EXERCISE GOAL> An exact copy of all the data below is needed, without its pictures.

SOURCE MATERIAL>
● ● ● ● ● ● ●

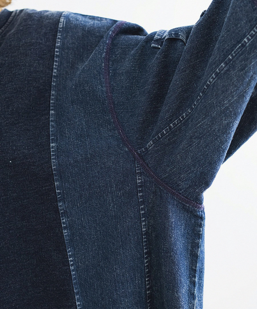 由深淺不一的染製丹寧拼接構成
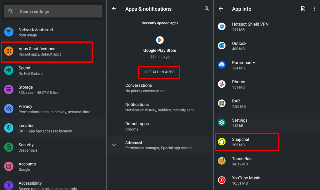 - Go to Settings > Apps & notifications > App info (See All Apps) and tap Snapchat.
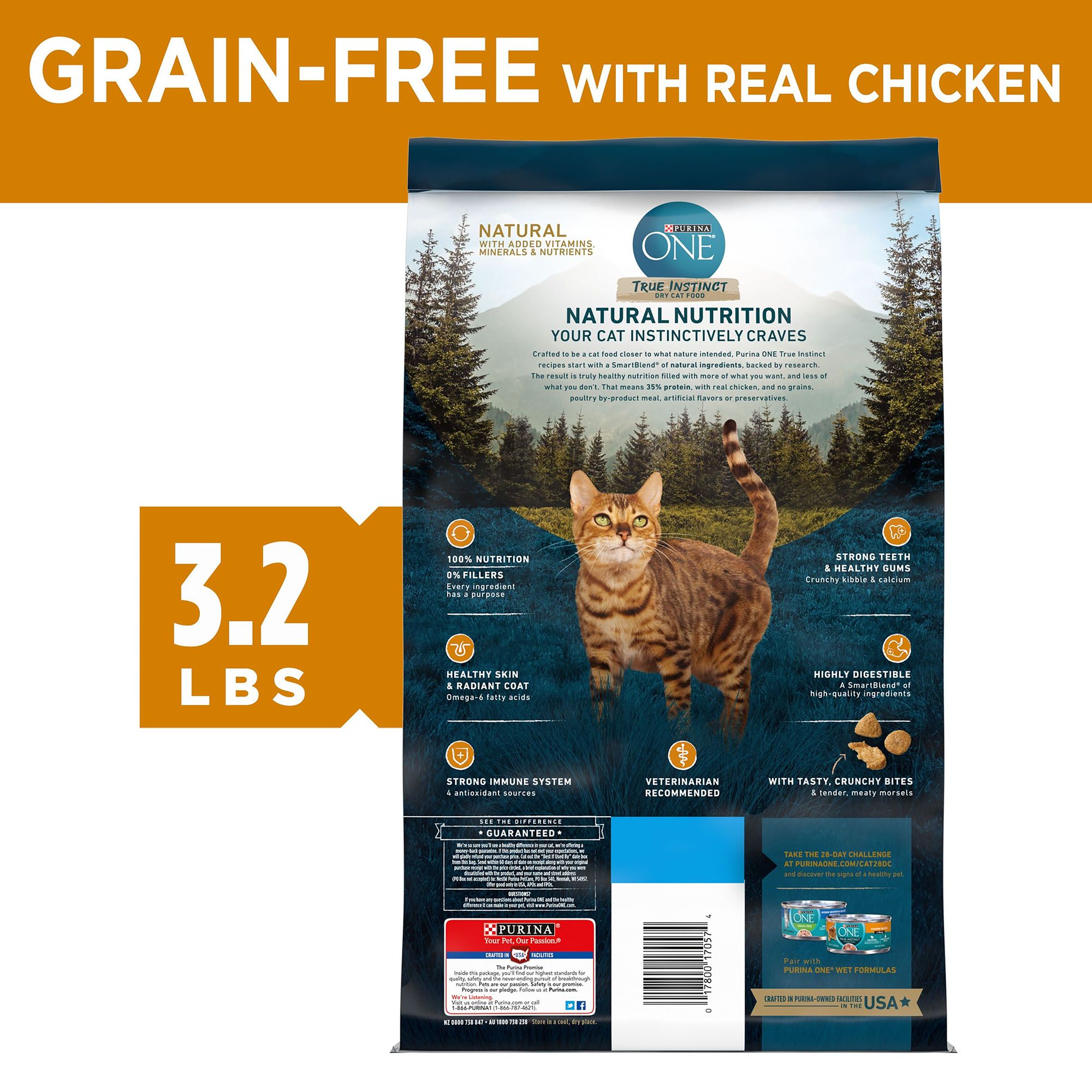 Purina one true instinct natural grain free dry cat food to support your cat s lifelong body health.

● ● ● ● ● ● ●

TASK RESULT>
 由深淺不一的染製丹寧拼接構成
 - Go to Settings > Apps & notifications > App info (See All Apps) and tap Snapchat.
 Purina one true instinct natural grain free dry cat food to support your cat s lifelong body health.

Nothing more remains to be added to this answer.